* INFORMATION GIVEN:
>>>>

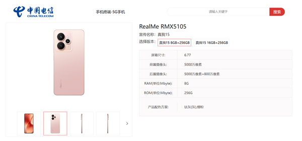 据了解,真我15系列此前已在中国电信终端产品库亮相,提供8GB+256GB、16GB+256GB两种存储规格,拥有钛灰 (灰)、樱粉两种配色。
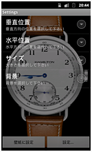 腕時計形のライブ壁紙として、時刻を表示します。時計のサイズや配置、背景などを選ぶことができます。
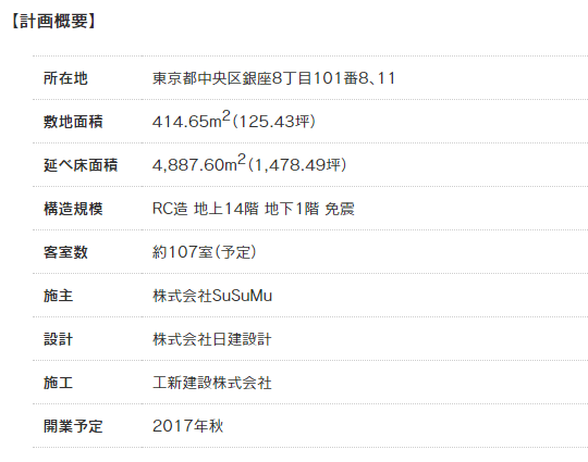 最後SuSuMu決定與三井不動產集團合作,規劃酒店落成後由三井不動產承租,酒店營運則交由該集團旗下的三井不動產酒店管理公司。2015年4月27日,株式會社SuSuMu、三井不動產株式會社以及株式會社三井不動產ホテルマネジメント共同發布新聞稿,宣布:『銀座8丁目酒店計畫』開工以及酒店預計2017年秋天開幕。
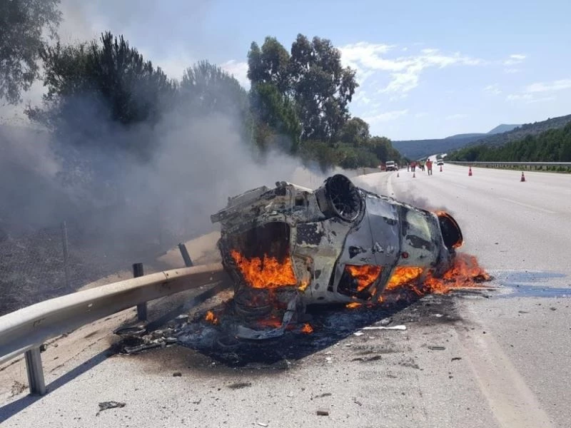 İzmir-Çeşme otoyolunda bugün saat 10.30 sıralarında meydana gelen kazada, 35 AH 256 plakalı otomobil Alaçatı gişeleri yakınında takla atarak yanmaya başladı. Kazanın ardından aracın arka koltuğunda bulunan Özden Karamuk (37) ve oğlu Kayra Karamuk (9) araçtan çıkmayı başarırken, sürücü ve yanındaki kişi ise yanarak hayatını kaybetti. Yaralı anne ve oğlu hastaneye kaldırılırken, hayatını kaybeden 2 kişinin cenazesi İzmir Adli Tıp Kurumuna kaldırıldı. Adli Tıp Kurumunda yapılan incelemeler sonucu ve kaza geçirenlerin yakınlarının ifadesi ile ölenlerin İbrahim Örsçelik (40) ve kızı İlayda Ö. olduğu ortaya çıktı.
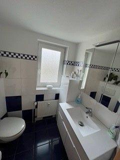 Diese gepflegte und helle Wohnung im EG rechts. mit großem Balkon zeichnet sich durch eine gehobene Ausstattung aus. Die Wohnung liegt in einer gepflegten kleinen Wohnlage (6 Parteien). Parkmöglichkeiten gibt es auf einem Stellplatz am Haus, (ggf. Garage) sowie an der wenig befahrenen Straße/Sackgasse. Die Wohnung besteht aus 3 Zimmern - große offene Wohnküche, Bäder mit Tageslicht und Badewanne - sowie einem Gäste-WC. Vom großen Balkon genießen Sie eine schöne Fernsicht mit Abendsonne. Der Garten steht jedem Mieter zur Verfügung. Ein aktueller Energieausweis liegt zur Besichtigung vor. Zur Verfügung steht Ihnen außerdem ein großer Kellerraum + Fahrradkeller.
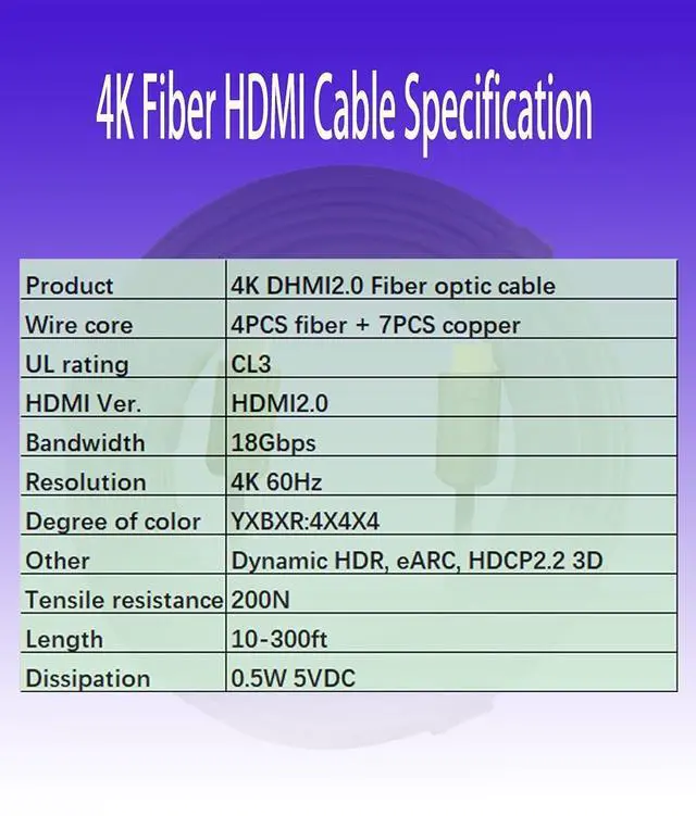 • 3.Ultra high speed 4K HDMI fiber optic cable supports 18Gbps transfer and is backwards compatible with earlier versions of HDMI cable (1.3/1.4
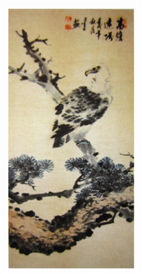圖2,《高瞻遠(yuǎn)矚圖》,紙本,淡彩?v160、橫46厘米。畫一只蒼鷹棲息在枯松枝上,作回頭顧盼同伴飛來。右上方落款:“高瞻遠(yuǎn)矚。壬戌年秋月,星五畫。”下鈐紅文印“崔氏”“星五”。壬戌年,即民國十一年(1922)。
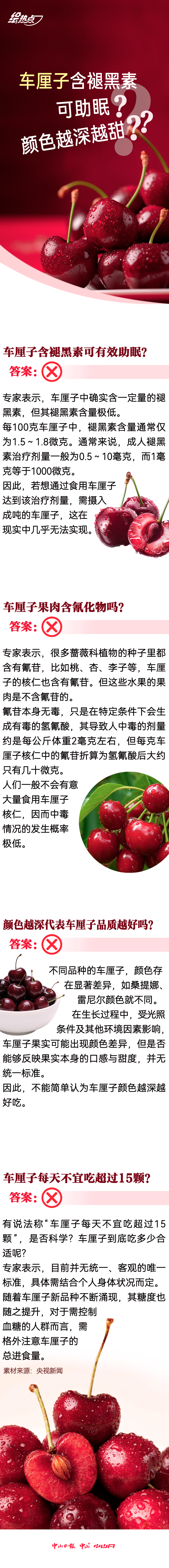 车厘子含褪黑素可助眠?颜色越深越甜?真相是→|绘热点
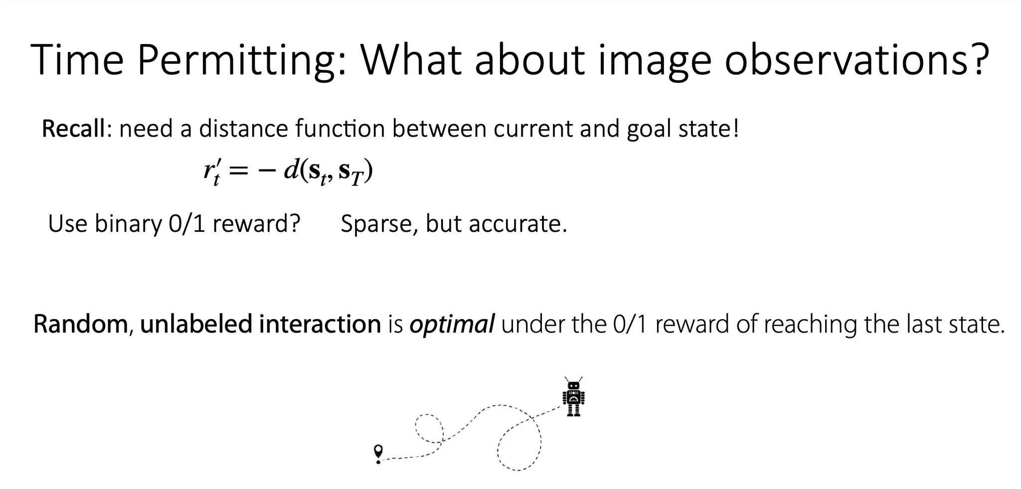 Binary reward를 사용하면, 최종으로 우리가 원하는 state에 도달하는 task에서 agent가 random 하고 unlabel된 interaction을 수행하는 것이 optimal 한 action이 된다. 이 때는 중간 과정이 어떻게 되었든지 상관이 없다.
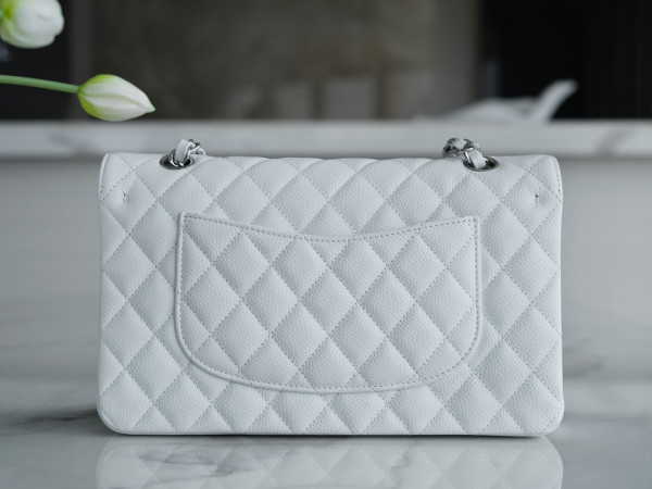 • 샤넬 클래식 미듐 화이트 은장 캐비어
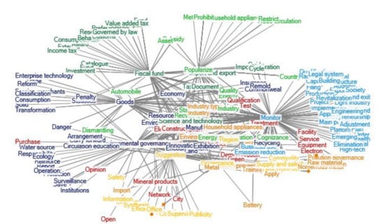 Clustering of policy themes in 2009–2012. Notes: The words in Figure 3 are listed as follows: Fiscal fund; External; Award; Consumption tax; Preference; Fund; Input; Research; Income tax; Behavior; Customs; Science; Value added tax; Governed by law; Catalogue; Management; Enterprise; Tax revenue; Deliberation; Planning; Document; Guide; Work; Imposition; Subsidy; Environmental protection; Statistics; Fund; Electronic Appliance; Investment; Technology; Import and export; Penalty; Standard; Automobile; Recycling; Cycle; Construct; Economy; Disuse; Asset; Science and technology; Industry; Environment; Energy; Industry type; Resource; Electronic equipment; Purchase; Open; Opinion; Service; Equipment; Quality; Facility; Demonstration; Qualification; Electron; Network; Product; Test; Mineral products; Treatment; Appliances; Green; City; Environmental governance; Responsibility; Policy; Report; Institutions; Protection; Operation; Reinforce; Water source; Save; Ecology; Surveillance; Standard of prevention and treatment; Manufacture; Pollution; Training; Encouragement; Governance; Safety; Emission reduction; Energy conservation; Waste; Land; Business use; Danger; Innovation; Import; Recycling; Exhibition; Suggestion; Division of labor; Clear up; Synthesis; Proposal; Complaint; Efficiency; Office; Supervision; Publicity; Information; Cognizance; Dismantling; Commodity; Certification; Development; Circulation education; Worn-out; Region; Industry; Supply and sale; Household appliances; Carry forward; Apply; Arrangement; Popularize; Operation; Method; Brand; To countryside; Trade-in; Household appliances; Trade circulation; Restrict; Prohibit; Countryside; Goods; Trade; Foreign merchants; Solid; Reform; Transformation; Classification; Consumption; Enterprise technology; Commonweal; Insurance; Remold; Monitor; Qualifications; Transfer; Filing; Main point; Platform; Evaluation; Export; Auditing; Implementation; Order; Health; Entrepreneurship; Proposal; Structure; Upgrade; Society; Commend; Capacity; Material; Project; Approve; System; Radiation; Light industry; Emerging; Engineering; Entry and exit; High-tech; Legal system; Elimination; Building; Plan; Adjustment; Production; Revitalization; Supervision; Pollution governance; Nonferrous metal; Substitution; Raw material; Battery; Metal.

<<<<

* THE PROBLEM: An exact copy is needed. It runs from the line above containing "圖2,《高瞻遠(yuǎn)矚" down to the line containing "미듐 화이트 은장 캐비어", both included, with no pictures.

* ANSWER TO THIS PROBLEM:
圖2,《高瞻遠(yuǎn)矚圖》,紙本,淡彩?v160、橫46厘米。畫一只蒼鷹棲息在枯松枝上,作回頭顧盼同伴飛來。右上方落款:“高瞻遠(yuǎn)矚。壬戌年秋月,星五畫。”下鈐紅文印“崔氏”“星五”。壬戌年,即民國十一年(1922)。
 车厘子含褪黑素可助眠?颜色越深越甜?真相是→|绘热点
 Binary reward를 사용하면, 최종으로 우리가 원하는 state에 도달하는 task에서 agent가 random 하고 unlabel된 interaction을 수행하는 것이 optimal 한 action이 된다. 이 때는 중간 과정이 어떻게 되었든지 상관이 없다.
 • 샤넬 클래식 미듐 화이트 은장 캐비어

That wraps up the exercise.